### INSTRUCTIONS FOR THE TASK
Reproduce the entries below exactly, but leave the pictures out.

### INFORMATION PROVIDED
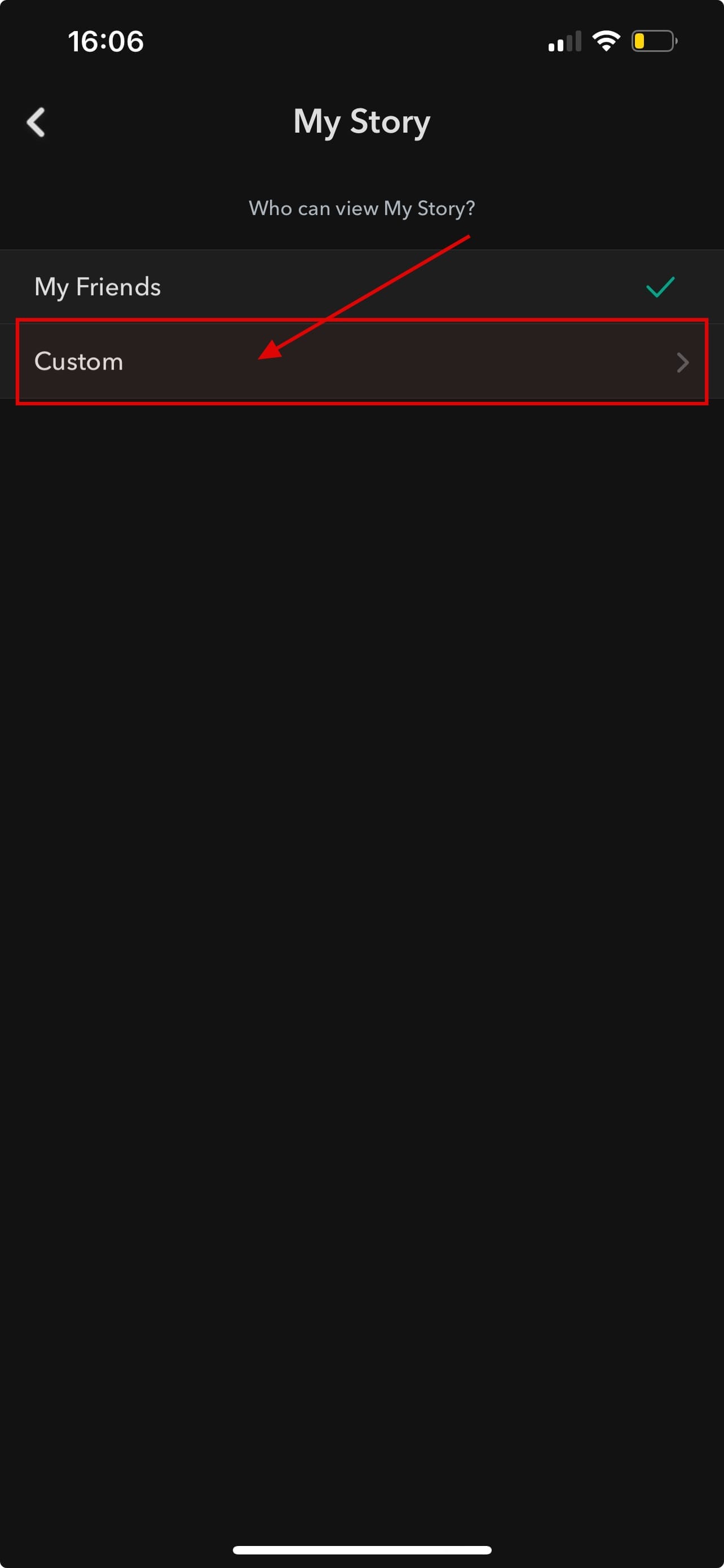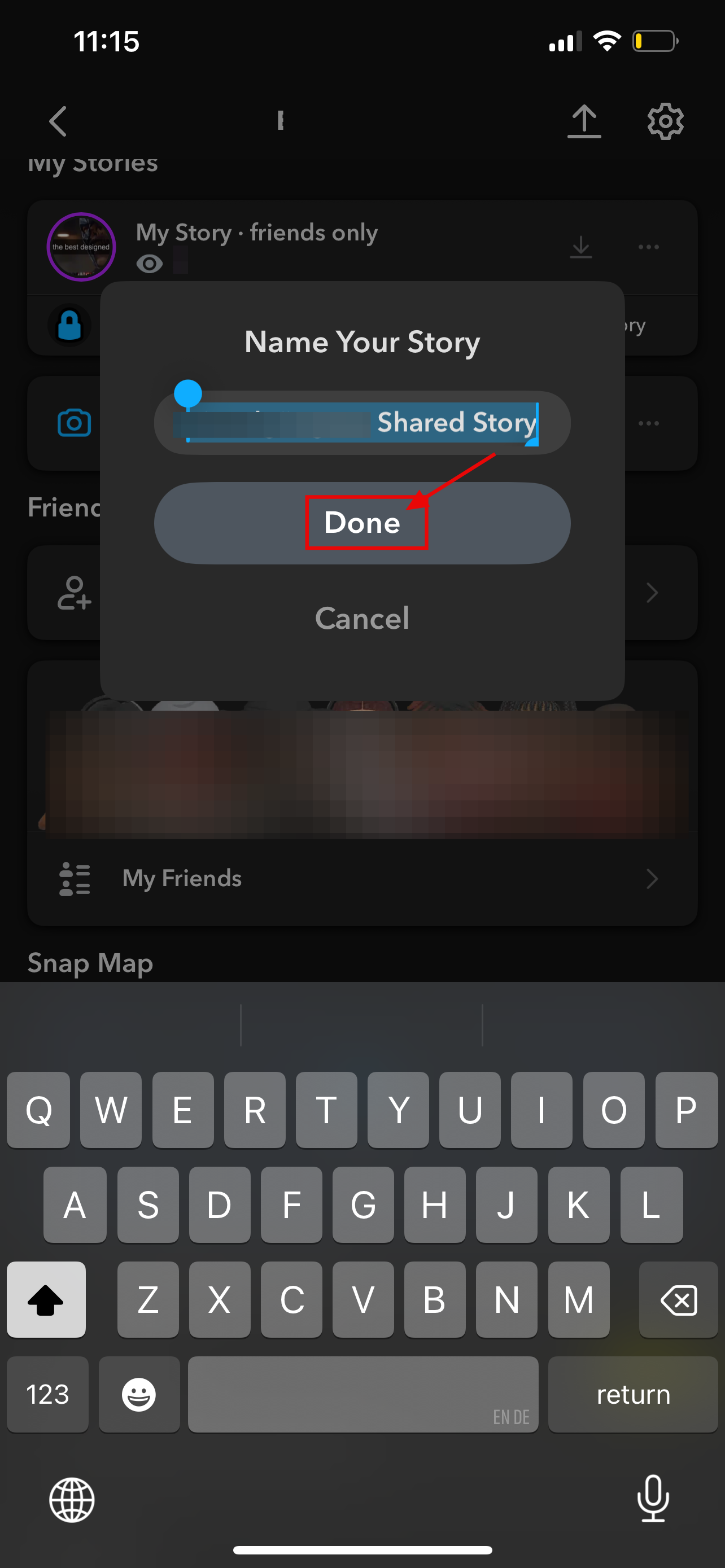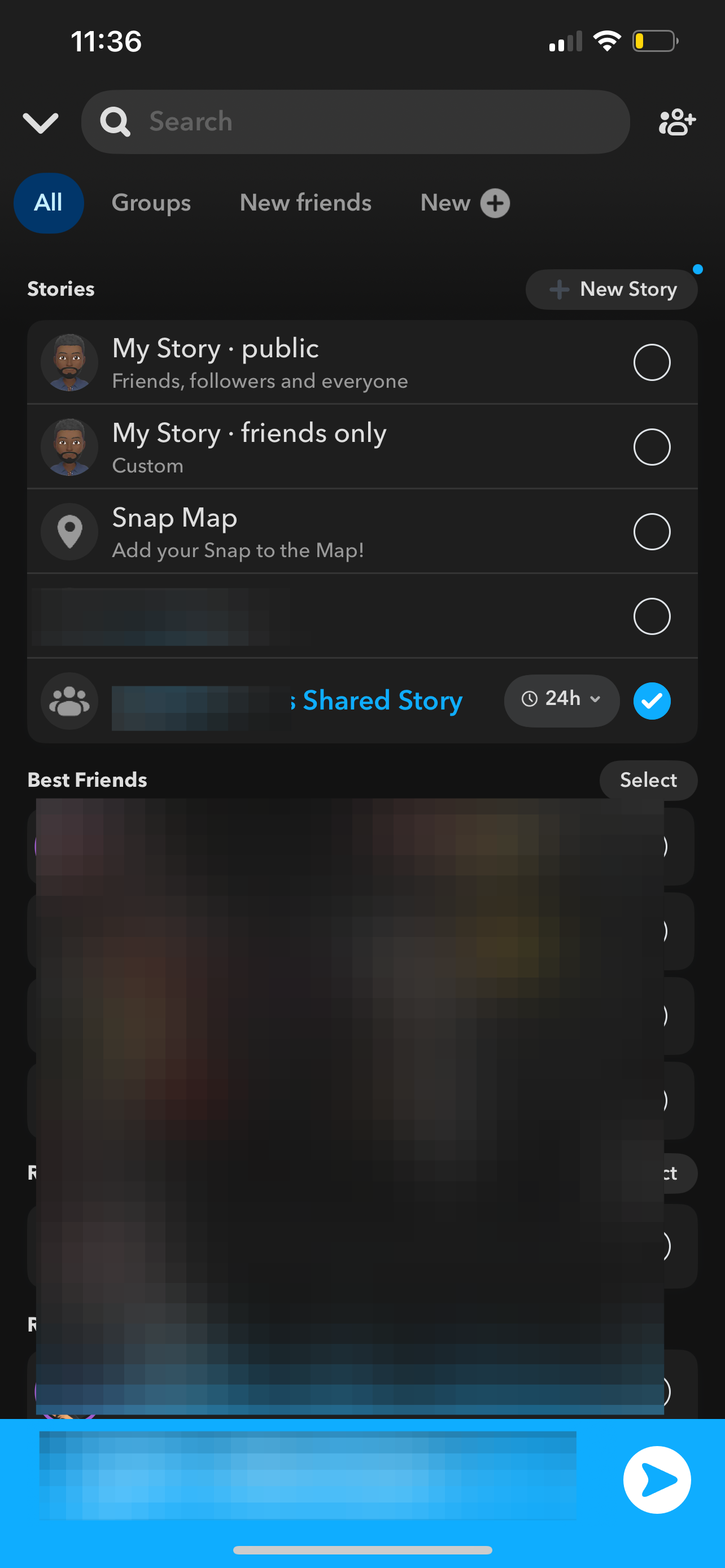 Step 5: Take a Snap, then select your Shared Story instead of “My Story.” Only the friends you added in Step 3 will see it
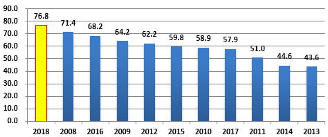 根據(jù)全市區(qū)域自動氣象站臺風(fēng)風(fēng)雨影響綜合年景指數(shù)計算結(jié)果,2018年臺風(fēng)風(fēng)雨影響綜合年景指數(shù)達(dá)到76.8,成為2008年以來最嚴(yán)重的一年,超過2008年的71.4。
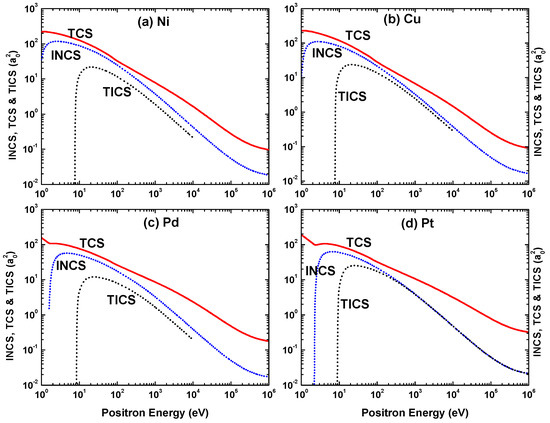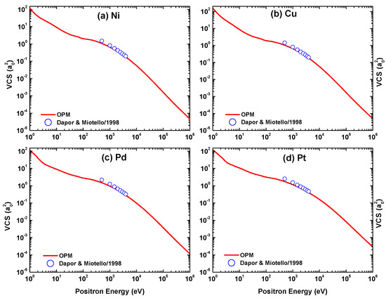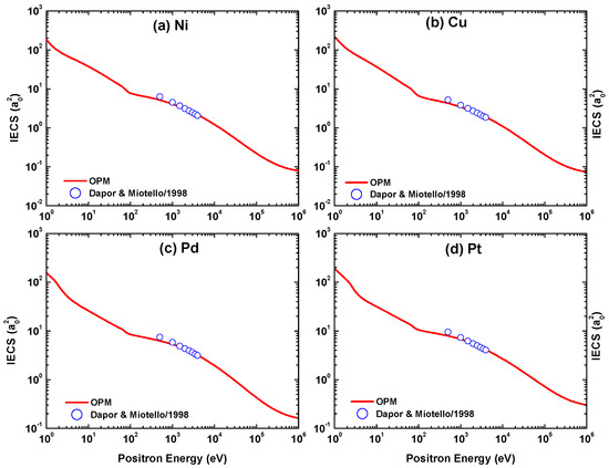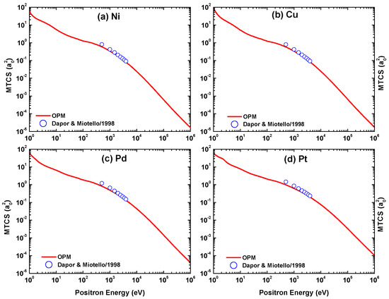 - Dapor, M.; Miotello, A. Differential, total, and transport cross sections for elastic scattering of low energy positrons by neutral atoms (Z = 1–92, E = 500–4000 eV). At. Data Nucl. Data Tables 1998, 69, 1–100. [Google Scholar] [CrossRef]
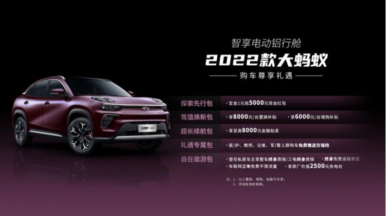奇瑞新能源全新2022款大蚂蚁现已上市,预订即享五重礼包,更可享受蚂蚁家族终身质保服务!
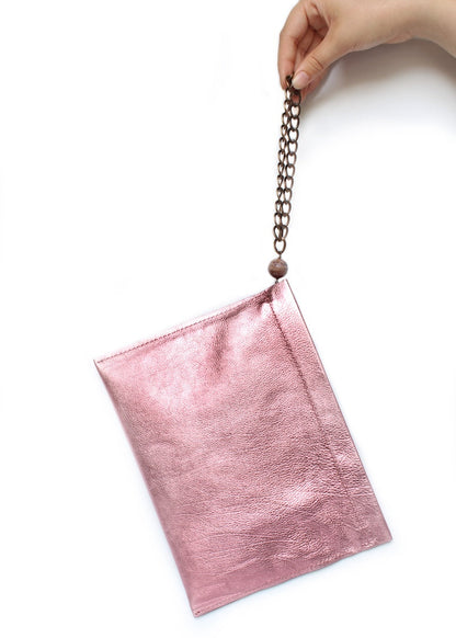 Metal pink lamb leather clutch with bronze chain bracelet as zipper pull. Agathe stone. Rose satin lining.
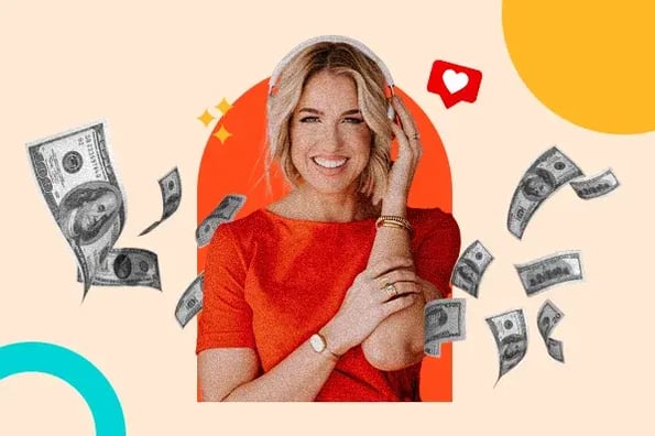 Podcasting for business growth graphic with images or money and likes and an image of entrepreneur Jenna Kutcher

### EXERCISE OUTPUT
 Step 5: Take a Snap, then select your Shared Story instead of “My Story.” Only the friends you added in Step 3 will see it
 根據(jù)全市區(qū)域自動氣象站臺風(fēng)風(fēng)雨影響綜合年景指數(shù)計算結(jié)果,2018年臺風(fēng)風(fēng)雨影響綜合年景指數(shù)達(dá)到76.8,成為2008年以來最嚴(yán)重的一年,超過2008年的71.4。
 - Dapor, M.; Miotello, A. Differential, total, and transport cross sections for elastic scattering of low energy positrons by neutral atoms (Z = 1–92, E = 500–4000 eV). At. Data Nucl. Data Tables 1998, 69, 1–100. [Google Scholar] [CrossRef]
奇瑞新能源全新2022款大蚂蚁现已上市,预订即享五重礼包,更可享受蚂蚁家族终身质保服务!
 Metal pink lamb leather clutch with bronze chain bracelet as zipper pull. Agathe stone. Rose satin lining.
 Podcasting for business growth graphic with images or money and likes and an image of entrepreneur Jenna Kutcher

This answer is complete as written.